Жена Тэо угощала меня хлебом с малиновым вареньем. Я с удовольствием поела бы, но боялась посадить пятно на скатерть и на Ренин костюм. Тогда жена Тэо сама сделала мне бутерброд. Я решила, что ей, пожалуй, можно будет оставить два-три лавровых венка.

Я рассказала ей о школе, а она мне сказала, что у ее мужа репетиция «Тристана». Она была такая милая, что мне захотелось оставить ей половину лавровых венков, ведь Тэо Самандеру все время будут дарить новые.

Вдруг раздался телефонный звонок, и жена Тэо сказала мне, что, к сожалению, ее муж не приедет домой после репетиции, а пойдет обедать в ресторан и оттуда сразу же на спектакль. Мне пришлось уйти. Жена Тэо очень любезно пригласила меня снова зайти в ближайшие дни.

На лестнице я решила, что мне вообще не надо никаких лавровых венков.

По правде говоря, мне вовсе не хочется снова идти к Тэо Самандеру. Я ведь уже сдержала свою клятву, теперь я хочу любить его только издали и видеть его ночью во сне.

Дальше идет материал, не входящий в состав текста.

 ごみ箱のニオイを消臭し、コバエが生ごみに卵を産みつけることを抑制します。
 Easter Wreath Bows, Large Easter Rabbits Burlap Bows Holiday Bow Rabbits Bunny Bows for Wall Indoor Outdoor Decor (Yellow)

Рена, слава богу, не спросила меня, какой подвиг я совершила. У нее и без того ужасно много забот. Но зато Элли все время приставала ко мне. Она еще до этого знала о моей страстной любви и восхищалась мной. Она делала за меня домашние задания по арифметике и отрывала лепестки у ромашки, чтобы гадать «любит, не любит». Я не могла ей рассказать, как все было на самом деле, потому что я ведь не стала его женой. Поэтому мне пришлось сказать ей, что я была у Тэо Самандера, и попросить, чтобы она меня больше ни о чем не спрашивала. Элли очень разволновалась и сейчас же спросила: «Ах, как я тебе завидую! А вы с ним целовались?» Я подумала и ответила: «Нет, мы взялись за руки и пошли навстречу солнцу». Я вычитала из книг, что так делают влюбленные. «В комнате?» – спросила Элли, а я ответила: «Да, мы ходили по комнате, от двери к окну». Правда, в книгах в таких случаях всегда пишут про цветущие луга и поля. И еще мне пришлось сказать Элли, что он стоял передо мной на коленях и пел.

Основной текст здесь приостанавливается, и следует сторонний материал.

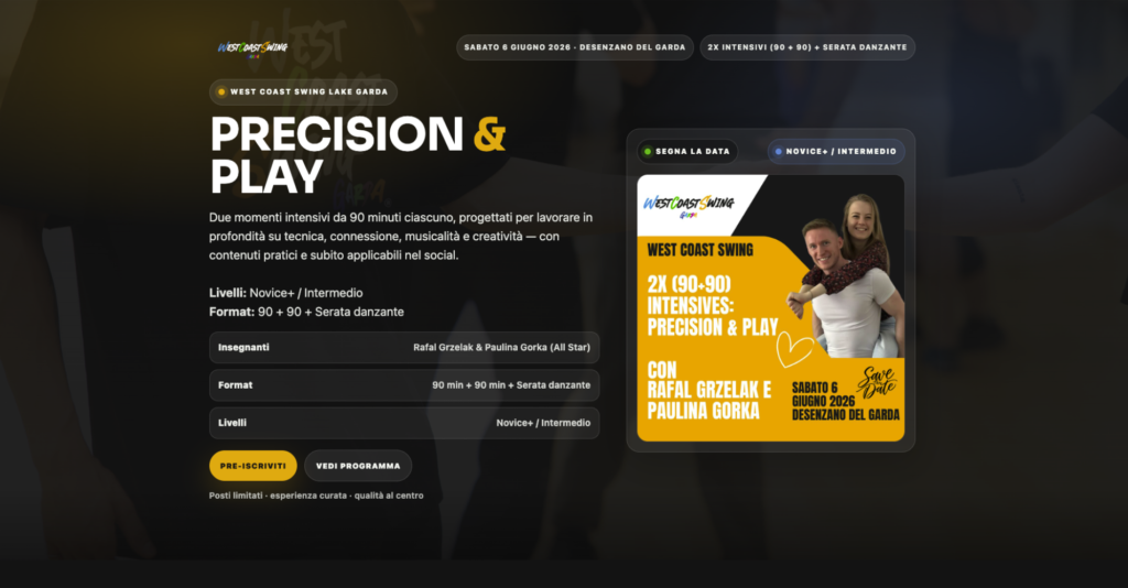 Due giornate di workshop con focus sul groove nel West Coast Swing: musicalità, tecnica e qualità del movimento. Two days of workshops focused on groove in West Coast Swing: musicality, technique, and movement quality.

Каждый день мне приходилось рассказывать Элли что-нибудь новое – моя страстная любовь становилась все более страстной, и я представляла себе все так ясно, как будто пережила это на самом деле. Когда я рассказывала Элли, я сама начинала верить, что говорю правду.

Но все кончилось очень плохо. Рена не может мне помочь,– она уехала и выходит замуж за человека, у которого самая отвратительная на свете профессия: он учитель в маленькой деревне на Аре. Рена сама сказала, что будет удивлена, если этот роман хорошо кончится, но что она не может побороть своей любви. Когда я узнаю, где она живет, я убегу к ней.

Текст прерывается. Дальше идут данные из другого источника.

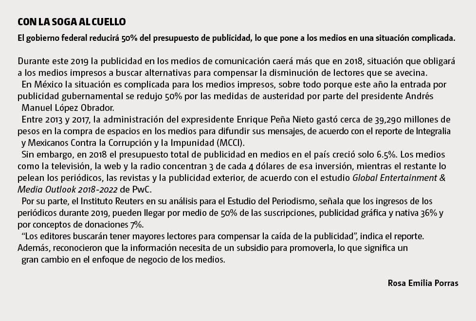 Durante la última década, los medios de comunicación se han enfrentado a un fuerte impacto económico, ya que las plataformas digitales pusieron de cabeza sus modelos de publicidad y de negocios del siglo XX. En 2006, los periódicos estadounidenses tradicionales generaron 49,000 millones de dólares (mdd) en ingresos por publicidad, después de varias décadas de aumentar las ganancias, de acuerdo con Pew Research Center.
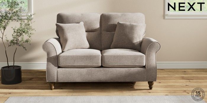 7.2.10 Ashford Highback 2 Seater Small Sofa Chunky Chenille Light Dove Low Turned - Mid | Made Click here to use our website with more accessibility support, for example screen readers
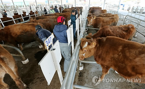 | △ 다시 문을 연 가축시장 (영천=연합뉴스) 김준범 기자 = 12일 오전 경북 영천의 가축시장에서 경매가 이뤄지고 있다. 경북도는 전국적으로 번진 구제역으로 지난달 14일부터 영천 가축시장의 거래를 정지했지만 설을 맞아 한우농가의 경제적 어려움을 해소하고자 임시 개장했다. 2015.2.12 psykims@yna.co.kr |
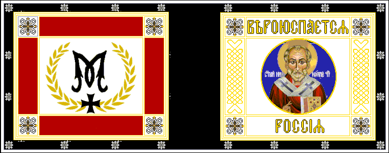 The flags are sourced from the pictures in Pavlov's history of the Markovtsy. He shows them as quite close to square. The 1st Regiment was a simple white St Andrews cross on black
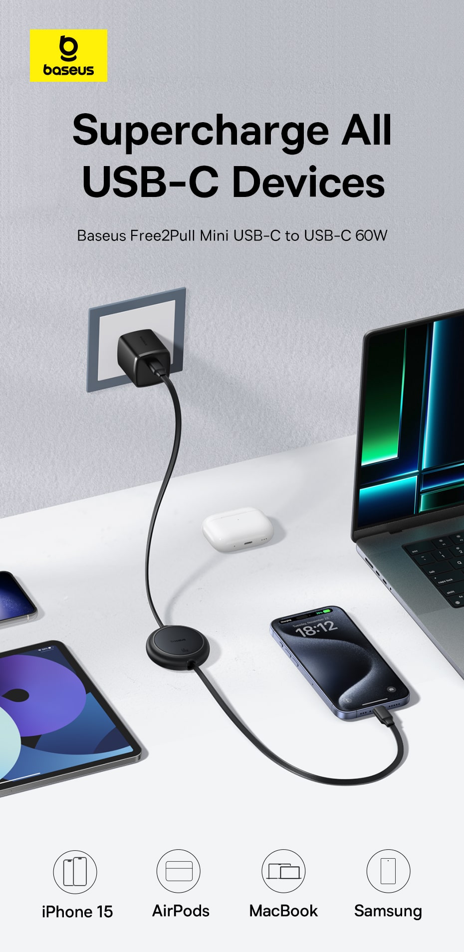 | Tên | Cáp Sạc Nhanh Baseus Free2Pull Mini Charging Cable Type-C to Type-C 60W |

Сегодня меня вызвали к директрисе. Голова у меня идет кругом, и я больше не могу плакать. По правде говоря, во всем виновата Элли. Она поклялась, что никогда и никому не откроет моей тайны. А потом не выдержала и рассказала все Гретхен Кац, но взяла с нее слово, что та никому не скажет. А Гретхен Кац тоже не выдержала и рассказала все Кордуле Миннинг и тоже взяла с нее слово никому больше не говорить об этом. Потом Кордула Миннинг передала все Лисси Юнкланг, а Лисси Юнкланг сделала большую подлость: взяла и рассказала все своему отцу. После этого ей запретили ходить в школу, но зато профессор Юнкланг сам пошел в школу к директрисе и сказал, что он не может оставить своего невинного ребенка в этом грязном болоте, где порочное существо заводит романы с каким-то тенором. Порочное существо – это я.